Feature har-capture Google Cloudflare Edgio
Automated browser capture Yes No No No
CLI-first design Yes No (Flask API) No (Web UI) No (Web UI)
Integrated capture+sanitize Yes No No No
Correlation-preserving redaction Yes No No No
Device-specific PII patterns Yes Generic JWT-focused Generic
Zero-dependency core Yes No No No
Custom pattern support Yes No No No
Cross-platform CLI Yes No No No

Target Use Cases

  • Support diagnostics: Users submit sanitized HAR files without exposing credentials
  • Parser development: Capture device web interfaces for building integrations
  • Test fixtures: Generate reproducible traffic captures for testing
  • Security review: Validate HAR files for PII leaks before sharing

Features

  • Zero Dependencies Core: Core sanitization uses only Python stdlib
  • HAR Capture: Browser-based capture using Playwright (optional)
  • PII Sanitization: Remove sensitive data from HTML and HAR files
  • Correlation-Preserving Redaction: Salted hashes maintain value relationships
  • Custom Patterns: External JSON files for easy pattern updates
  • Validation: Check HAR files for PII leaks before committing
  • CLI Interface: Easy-to-use command line tools

Installation

# Core only (zero dependencies)
pip install har-capture

# With browser capture
pip install har-capture[capture]
playwright install chromium  # Install browser

# With CLI
pip install har-capture[cli]

# Full installation
pip install har-capture[full]

Quick Start

Python API

from har_capture.sanitization import sanitize_html, sanitize_har

# Sanitize HTML (correlation-preserving by default)
clean_html = sanitize_html(raw_html)

# Sanitize with consistent salt (correlate across files)
clean_html = sanitize_html(raw_html, salt="my-secret-key")

# Use static placeholders (legacy mode)
clean_html = sanitize_html(raw_html, salt=None)

# Sanitize HAR file
from har_capture.sanitization import sanitize_har_file
sanitize_har_file("device.har")  # Creates device.sanitized.har

CLI

# Capture device traffic
har-capture capture <DEVICE_IP>

# Sanitize a HAR file (uses random salt by default)
har-capture sanitize device.har

# Sanitize with consistent salt
har-capture sanitize device.har --salt my-key

# Sanitize with static placeholders
har-capture sanitize device.har --no-salt

# Use custom patterns
har-capture sanitize device.har --patterns custom.json

# Validate for PII leaks
har-capture validate device.har

Correlation-Preserving Redaction

By default, har-capture uses format-preserving salted hashes for redaction:

  • Same value → same hash (within a session)
  • Different values → different hashes
  • Output remains valid format (parseable by analysis tools)
  • Uses reserved/documentation ranges that won't collide with real data

Example:

Before:
  MAC: AA:BB:CC:DD:EE:FF (appears 3 times)
  MAC: 11:22:33:44:55:66 (appears 2 times)

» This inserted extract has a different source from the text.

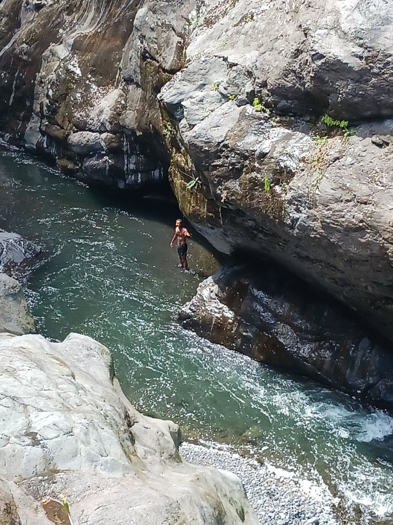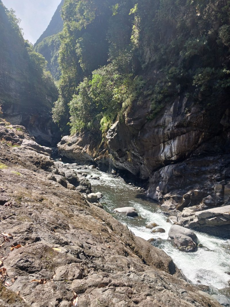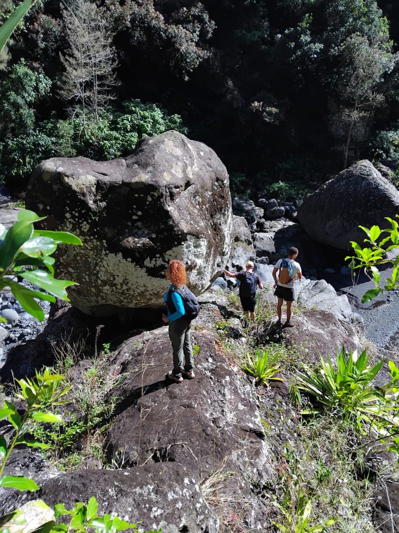La randonnée débute en face de l'école de Bois de Pomme où un grand parking peut accueillir une douzaine de véhicules. Poursuivre à pied sur le Chemin Jean Albani et bifurquer rapidement au Chemin Paille en Queue. On bénéficie de superbes vues sur le Grand Plate, les plateaux que l'on visitera en milieu de boucle et la vallée de la Rivière des Fleurs Jaunes (Photo 1). La descente sur piste est régulière le long des dernières cases isolées du village parmi quelques cultures. Plus bas, moins utilisée, la piste se transforme en sentier dans les cannes fourragères mais la trace reste facile à suivre (Photo 2). D'un seul coup, tout s'arrête et l'on pense que l'aventure va cesser ici. La piste, qui contournait quelques serres et une zone couverte pour stabulation du bétail est à l'abandon et la végétation a largement pris le dessus. Traverser ce fouillis de 20 mètres qui sera le seul écueil de la boucle. Se méfier des galaberts qui griffent et des arceaux de l'ancienne serre pour atteindre le local. Contourner le petit bâtiment puis poursuivre vers la gauche. On se retrouve immédiatement dans le sous-bois qui domine la très profonde gorge de la Rivière du Mât rugissant dans le fond. Attention au ravin de 50 mètres car la marche s'effectue sur une violente descente couverte de feuilles mortes qui peut impressionner (Photo 3). Après quelques lacets on devine un sentier menant à la passerelle sur la Rivière des Fleurs Jaunes qui a disparu depuis longtemps. Faute de passerelle, poursuivre vers le confluent et remonter pour retrouver l'ancien itinéraire emprunté au siècle dernier par les habitants des îlets oubliés. On parvient rapidement au milieu du Y formé par les deux rivières qui se rejoignent (Photo 4). L'endroit est une merveille de la nature avec ces deux canyons qui s'unissent pour un lit commun près d'une petite ravine terminant en chutes d'eau (Photo 5). A première vue, il semble difficile de rejoindre le cours d'eau mais une corde à nœuds pend sur la gauche. La descente est courte, ludique quoique sportive en raison d'un cassé glissant (Photo 6). Avant de poursuivre, ne pas hésiter à investir les lieux pour une agréable visite en partant vers l'aval (Photo 7). Les berges de la rivière sont assez larges pour les suivre sans danger. On a ainsi une belle vue sur le confluent rocheux (Photo 8) et les deux arrivées de rivières sortant respectivement de leur canyon (Photo 9). On voit bien qu'il faudrait attendre un niveau très bas pour s'engouffrer dans ces goulets étroits de toute beauté. L'addition des trois débits d'eau crée très vite une belle Rivière du Mât à l'important débit (Photo 10). S'il est facile de s'approcher des canyons lorsque le niveau d'eau est bas, il en est tout autrement lorsque le courant est plus violent. Renoncer ou prendre des précautions en cas de glissade en ayant une corde qui sécurise (Photo 11). Malgré la corde la glissade est possible, rapide et sans appel (Photo 12). Il est bon, pour une fois, de ne pas partir trop tôt afin de bénéficier du meilleur ensoleillement. Un gros rocher-grotte permet de se mettre à l'ombre tout en profitant de magnifiques vues sur la partie aval de la rivière (Photo 13). La deuxième partie de la boucle débute à la petite ravine tombant en quelques chutes. Grimper en rive gauche de la Rivière des Fleurs Jaunes et en rive droite de la ravine (Photo 14). La petite cascade un peu plus haut se franchit aisément en suivant les restes du sentier un peu abîmés par le temps (Photo 15). Le sentier, également envahi de végétation s'évite tout simplement en longeant la ravine (Photo 16). Marcher au plus facile, soit sur les berges lorsqu'elles sont dégagées, soit dans le lit (Photo 17). Quelques pisse en l'air égayent le trajet assez facile malgré la mousse et les flaques d'eau (Photo 18). Le sentier, lorsqu'on l'emprunte est assez aisé à deviner dans les longoses (Photo 19). Se préparer à quitter le lit du ruisseau quand arrive une zone pentue, rocheuse, bordée d'une petite falaise glissante (Photo 20). Repérer à gauche le sentier qui file en direction de l'Îlet Fleurs Jaunes qu'on prendra au retour. Partir à droite et retrouver le sentier de l'Île Micot. Il est assez bien marqué, bordé de magnifiques filaos, jamrosats ou camphriers, soutenu parfois de marches anciennes indiquant surtout les lieux de bifurcation vers les autres îlets de l'époque (Photo 21). C'est la partie aventure de la boucle, sans réel danger à condition quand même de prendre garde aux ravins qui bordent le passage. Les trois visites proposées ici s'effectuent à l'envie. En partant plein est, on parvient, après de belles pentes assez raides, des touffes de bambous énormes et de beaux camphriers, à un plateau où se devinent ça et là des vestiges de cultures. Plus haut, en bordure de parc national, on rencontre même une vaste étendue de curcuma délaissée depuis des décennies qui est devenue vivace (Photo 22). Partout, des murets plus ou moins alignés confirment que le lieu était habité et cultivé. A la descente, obliquer à droite à trois marches en pierre et trouver plus haut une case encore debout entourée de bananiers et de quelques fleurs (Photo 23). Il faudrait un sérieux nettoyage de la petite bâtisse en bois sous tôle pour y bivouaquer (Photo 24). Une nouvelle case se trouve au dernier embranchement après avoir suivi longuement un mur d'enceinte. La case est détruite mais l'émotion demeure lorsque l'on voit les pierres taillées, les fleurs ou les objets oubliés (Photo 25). Reprendre une dernière fois le sentier emprunté à l'aller qui finit au ruisseau remonté précédemment (Photo 26). Traverser au gué, trouver la trace encore assez bien marquée qui chemine plein ouest dans les goyaviers et bois de couleurs (Photo 27). Le sentier ondule au grès de la végétation ou du relief et pose parfois questionnement : garder à l'esprit que l'on

With salted hash (default):
  MAC: 02:a1:b2:c3:d4:e5 (appears 3 times - same device, valid MAC format)
  MAC: 02:7f:8e:9d:2c:01 (appears 2 times - different device)

With static placeholders (--no-salt):
  MAC: XX:XX:XX:XX:XX:XX (appears 5 times - correlation lost)

Format-preserving ranges used:

Type Range Standard
MAC 02:xx:xx:xx:xx:xx Locally administered bit
Private IP 10.255.x.x RFC 1918
Public IP 192.0.2.x RFC 5737 TEST-NET-1
IPv6 2001:db8:: RFC 3849 documentation
Email user_xxx@redacted.invalid RFC 2606 .invalid TLD

Salt options:

  • --salt auto (default): Random salt per session
  • --salt my-key: Consistent hashing across runs
  • --no-salt: Static placeholders (legacy mode)

Custom Patterns

Patterns are stored in external JSON files for easy customization:

src/har_capture/patterns/
├── pii.json          # PII detection patterns
├── sensitive.json    # Sensitive headers/fields
└── allowlist.json    # Safe placeholder values

Add custom patterns via CLI:

har-capture sanitize device.har --patterns my_patterns.json
har-capture validate device.har --patterns my_patterns.json

Add custom patterns via Python:

from har_capture.sanitization import sanitize_html

clean = sanitize_html(html, custom_patterns="my_patterns.json")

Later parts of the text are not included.